_EXERCISE DATA:_
-- Opening Marker --

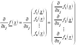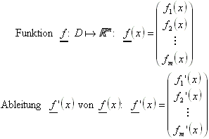 Die partiellen Ableitungen einer solchen Funktion werden nur komponentenweise erklärt. Es gilt:
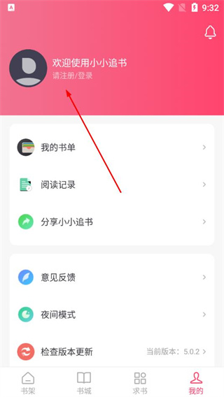 1、打开小小追书APP,点击底部我的选项,进入个人中心页面。
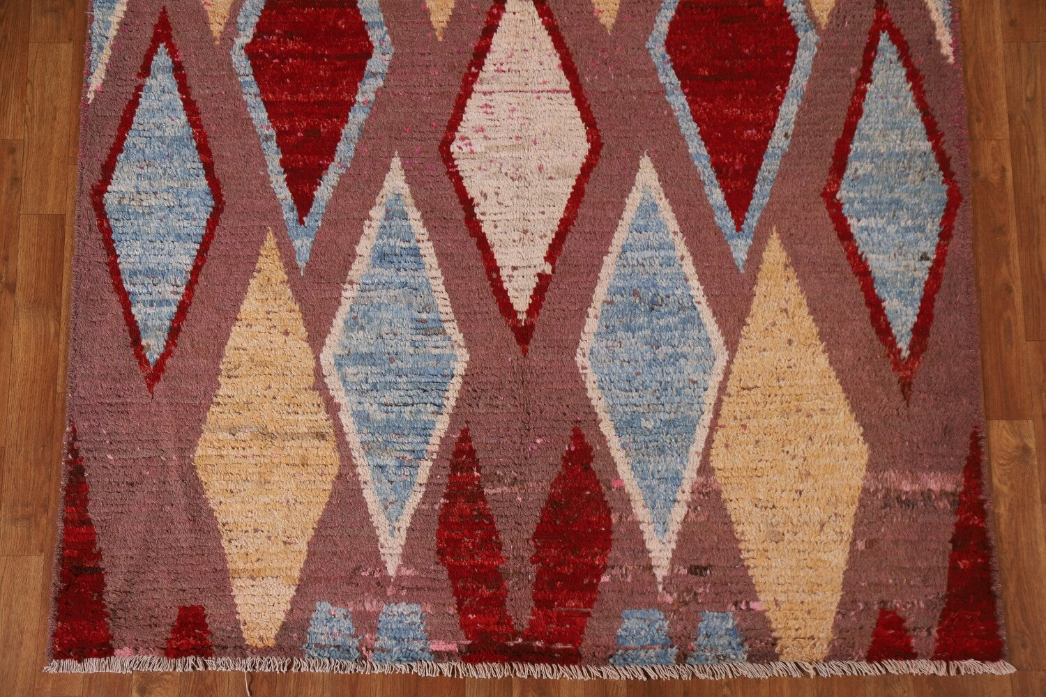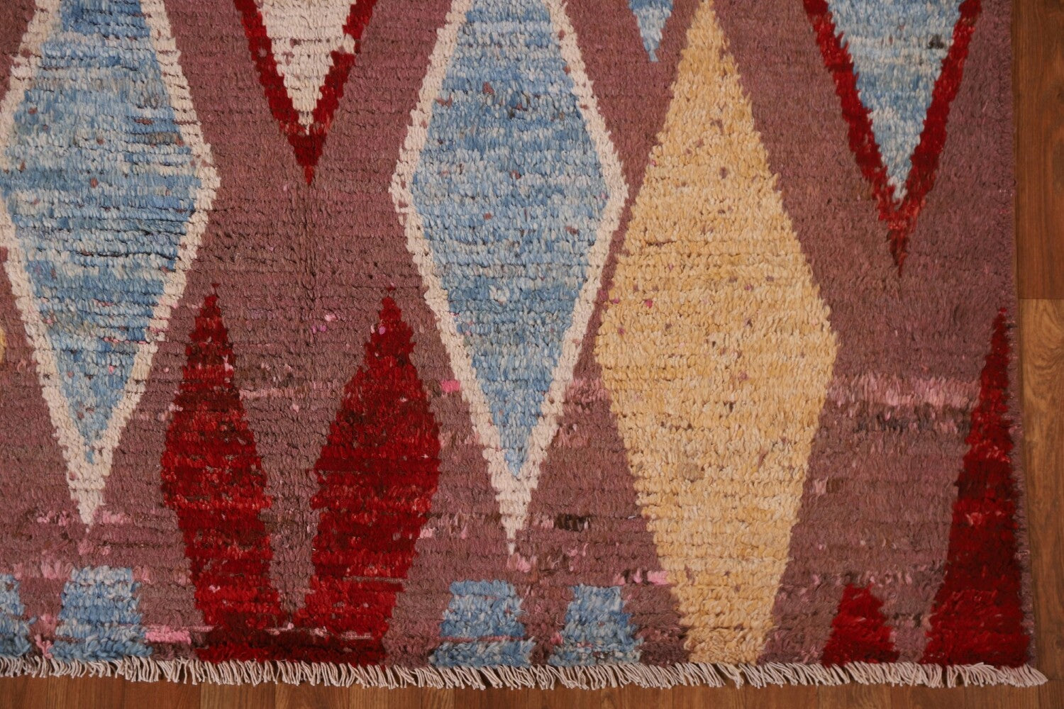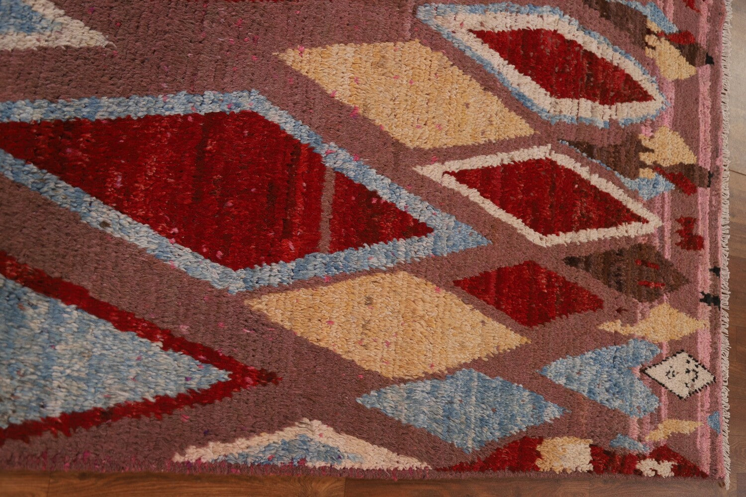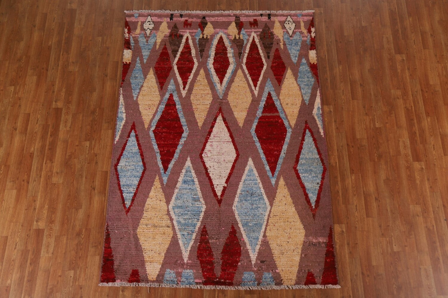 A Beautiful Genuine Pakistan Moroccan rug is Hand Knotted by skillful weavers in Pakistan with 100% Wool Material. This rug is in condition. dimensions are 7' 9'' X 5' 0'' in foot and 236 X 152 in centimeter. the primary color is Pink.

-- Closing Marker --

_WORK TO BE COMPLETED:_ Everything from the line containing "1、打开小小追书APP,点击底部我的选项,进入个人中心页面。" through the end of the data should be printed exactly, line for line, except the pictures.

_RESPONSE BOX:_
 1、打开小小追书APP,点击底部我的选项,进入个人中心页面。
 A Beautiful Genuine Pakistan Moroccan rug is Hand Knotted by skillful weavers in Pakistan with 100% Wool Material. This rug is in condition. dimensions are 7' 9'' X 5' 0'' in foot and 236 X 152 in centimeter. the primary color is Pink.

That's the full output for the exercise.